Flow-cytometric analysis of mini-chromosome missegregation

A single-cell-based mini-chromosome loss assay was performed as described [29]. Briefly, a minichromosome that contains the Matα locus was introduced into strains of interest that contain a Mata specific gene tagged with GFP (Mfa1-3XGFP). Mfa1-3XGFP is repressed by the expression of the α2 transcriptional repressor from the minichromosome, so Mfa1-3XGFP is only expressed when the minichromosome is lost. Fixed cells were sonicated, and GFP-positive cells were detected and quantified by flow cytometry.

A single molecule assay to monitor the kinetics of kinetochore assembly

We previously developed an approach using TIRFM to observe the de novo assembly of individual centromeric nucleosomes and whole kinetochore particles in cell lysates [19, 25]. These efforts revealed molecular requirements for centromeric nucleosome assembly and directional asymmetry in the kinetochore-microtubule interface [19, 20, 25]. However, the kinetics of kinetochore assembly beyond the centromeric nucleosome remained unexplored.

To examine kinetochore assembly kinetics more broadly, we adapted our TIRFM approach to monitor the recruitment of various kinetochore proteins onto individual centromeric DNAs via time-series imaging. Atto-647-labeled DNA containing the centromere and surrounding pericentromeric sequences from chromosome III (CEN3 DNA) as well as additional linker DNA (791 bp total) were sparsely tethered onto a coverslip surface to allow detection of individual CEN3 molecules (Fig. 1B).
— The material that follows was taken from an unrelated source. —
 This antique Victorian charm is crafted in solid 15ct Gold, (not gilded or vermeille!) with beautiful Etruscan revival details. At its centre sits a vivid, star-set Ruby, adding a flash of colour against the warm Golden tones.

One-step photobleaching confirmed that each CEN3 focus represented a single molecule (Supplemental Fig. S1A–C) [30]. To initiate kinetochore assembly on the surface-tethered CEN3 DNAs, we introduced yeast extracts containing GFP-tagged kinetochore proteins. We epitope tagged a representative component of each kinetochore subcomplex at its endogenous gene locus with GFP (Table 1) and confirmed that the GFP tag did not affect cell fitness at various temperatures and in the presence of microtubule-destabilizing drug treatments (Supplemental Fig. S1D). Because many CCAN proteins are nonessential, we used a more sensitive assay to determine whether the GFP tag affected their function. The nonessential CCAN genes become essential in a dsn1-3A mutant background [24, 31], so we crossed the GFP-tagged genes to dsn1-3A to confirm they are functional (Supplemental Fig. S1D). Once we had established a functional GFP tagged protein for each kinetochore subcomplex, we made lysates from cells arrested in mitosis with benomyl, to ensure the lysates were maximally competent for assembling kinetochores [24]. To minimize possible variation in the rate of kinetochore assembly, we used a consistent lysate concentration (70 mg/ml) and incubation temperature range (21°C–23°C) for the assay.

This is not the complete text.